- What you should do
Give back, word for word, the lines in the listing below from the one holding "Bürogebäude mit kleinteiligen" down to the one holding "- Tiếp theo, tìm", both ends included.

- Extracted data
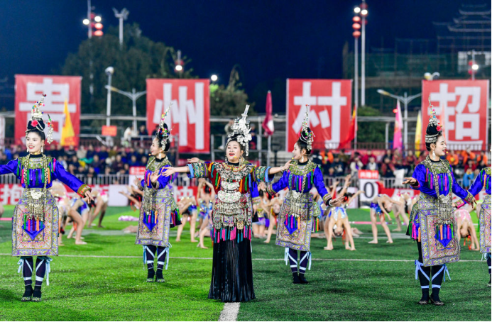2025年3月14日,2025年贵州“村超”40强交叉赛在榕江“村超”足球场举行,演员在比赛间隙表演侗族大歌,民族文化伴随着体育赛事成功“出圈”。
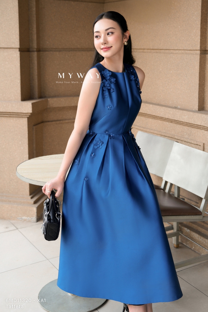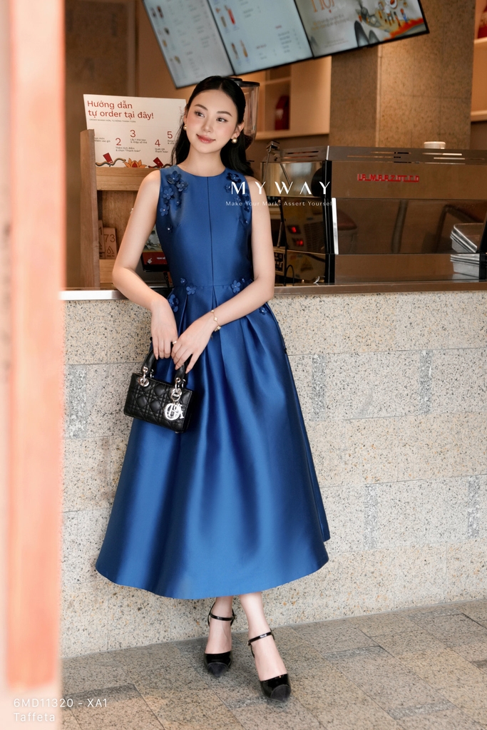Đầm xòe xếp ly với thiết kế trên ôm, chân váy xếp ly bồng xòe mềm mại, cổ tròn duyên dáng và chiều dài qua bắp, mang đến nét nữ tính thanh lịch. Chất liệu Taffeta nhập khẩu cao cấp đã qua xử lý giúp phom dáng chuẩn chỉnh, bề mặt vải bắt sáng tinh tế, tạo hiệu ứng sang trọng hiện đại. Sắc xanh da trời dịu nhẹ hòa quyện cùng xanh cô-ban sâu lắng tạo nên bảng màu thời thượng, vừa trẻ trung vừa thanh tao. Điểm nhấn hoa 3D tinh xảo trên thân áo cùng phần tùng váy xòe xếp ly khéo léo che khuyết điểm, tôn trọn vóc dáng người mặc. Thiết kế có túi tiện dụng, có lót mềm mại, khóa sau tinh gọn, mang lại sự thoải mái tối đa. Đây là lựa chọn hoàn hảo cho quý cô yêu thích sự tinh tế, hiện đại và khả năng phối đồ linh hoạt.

==

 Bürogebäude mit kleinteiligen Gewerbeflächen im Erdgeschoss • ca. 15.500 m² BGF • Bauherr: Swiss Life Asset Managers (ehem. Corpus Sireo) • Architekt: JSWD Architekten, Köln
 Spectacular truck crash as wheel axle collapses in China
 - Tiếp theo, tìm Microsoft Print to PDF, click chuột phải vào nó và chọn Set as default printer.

---

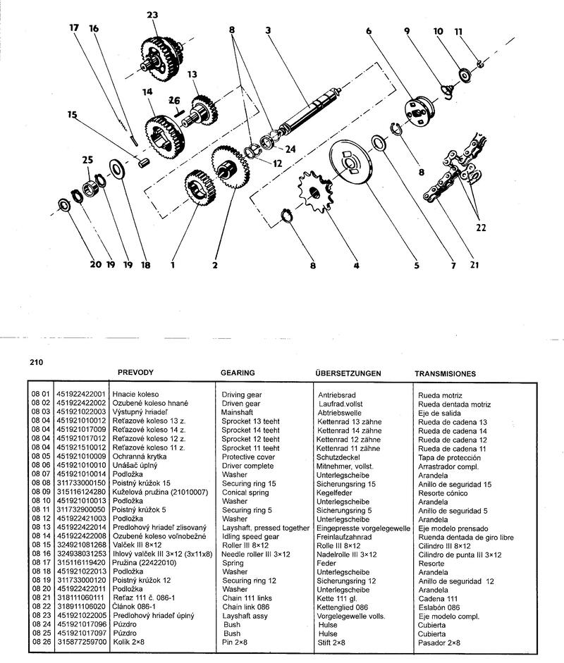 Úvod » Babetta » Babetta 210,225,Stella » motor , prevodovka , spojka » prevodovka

- Response to this exercise
 Bürogebäude mit kleinteiligen Gewerbeflächen im Erdgeschoss • ca. 15.500 m² BGF • Bauherr: Swiss Life Asset Managers (ehem. Corpus Sireo) • Architekt: JSWD Architekten, Köln
 Spectacular truck crash as wheel axle collapses in China
 - Tiếp theo, tìm Microsoft Print to PDF, click chuột phải vào nó và chọn Set as default printer.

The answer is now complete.